But the more valid point of comparison for New Zealand is not Australia's tone but New Zealand's own record.
And in fact, New Zealand has become more critical of China, not less. New Zealand has increasingly used its voice to express concerns about China's actions in many different ways, particularly on Hong Kong.
It did so in eight statements last year, two of which were with other Five Eyes partners. one Five Eyes statement on Hong Kong when Winston Peters was Foreign Minister and the other was since Nanaia Mahuta has been Foreign Minister.
Admittedly none of the statements called them "bastards" or "thugs" but they used the accepted coded diplomatic language for calling on China to respect its pledges about Hong Kong, to respect the rule of law.
It is little wonder that Prime Minister Jacinda Ardern barely disguised her indignation when the accusation of having "gone soft" or "cosying up to China" was again suggested at the press conference in Queenstown with Australian Prime Minister Scott Morrison.
Morrison defended New Zealand as he had to. He knows that any sense of public disagreement on China will please only China and as a regional leader, it is in his interests to present a unified position with New Zealand.
Significantly, he invoked the Anzus alliance twice in his 24-hour visit in relation to New Zealand, which is ironic.
The pile-on against New Zealand was precipitated by Ardern and Mahuta deciding to explain publicly a few weeks ago why New Zealand would not be outsourcing its foreign policy on China entirely to the Five Eyes intelligence network every time it wanted to slap China around the ears. It wanted to make its choices independently.
After New Zealand was suspended from its three-way Anzus alliance with the United States and Australia over its anti-nuclear policy, in the mid-1980s, Kiwis developed a more independent foreign policy under successive Prime Ministers Jim Bolger, Helen Clark and John Key.
Bolger took a strong stand against nuclear testing in the Pacific, Clark decided not to hang around waiting for a free trade deal with the US and got one with China and, under Key, New Zealand took a different stand from traditional allies on the Palestinian-Israel conflict – a position which eventually led Israel to recall its ambassador from Wellington for a period.
Technically, Anzus continues in a two-way security pact between Australia and the US, and is also the basis for New Zealand's defence relationship with Australia – although two other agreements are as well, the 1944 Canberra Pact and Closer Defence Relations sealed in 1991.
The term Anzus has rarely been used in relation to Australia in New Zealand until now.

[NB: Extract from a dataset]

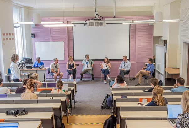 Prof. James Wilsdon, RoRI Executive Director, moderates the panel discussion at the conference opening (Photo: Oleksandr Berezko)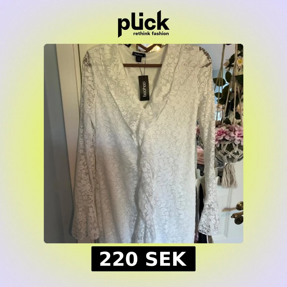 Säljer en vit spetsklänning från Boohoo med v-ringning och långa ärmar. Klänningen har ett romantiskt blommönster i spets och är i minilängd. Perfekt för dig som vill ha en feminin och elegant look. Klänningen är något liten i storlek skulle säga 42/44. Den är lite för kort för mig som är 179

The fact that Scott Morrison deliberately alluded to the Anzus alliance with New Zealand twice is a departure from the usual invocations of the Anzac spirit.
Analysts will be poring over his statements, especially in light of Australian Defence Minister Peter Dutton's public musings about armed conflict.
These things are not said for nothing. The Anzus reference is likely a gesture on the part of Australia to remind New Zealand that it is a formal defence ally in dealing with the area known as the Indo Pacific and that requires obligations, not complete independence.
Morrison described both the Indo-Pacific and the Pacific regions as "sovereign," which is effectively code for "keep out" to China, which seems intent on finding a naval base in the Pacific.
The leaders' joint statement is more direct this year than after last year's annual talks, which mentioned China only in terms of its bad behaviour in the South China Sea.
The Queenstown statement references China directly in relation to its crackdown in Hong Kong and the situation with Uighurs.
One can assume that Australia may have preferred harder wording and New Zealand something slightly more diplomatic.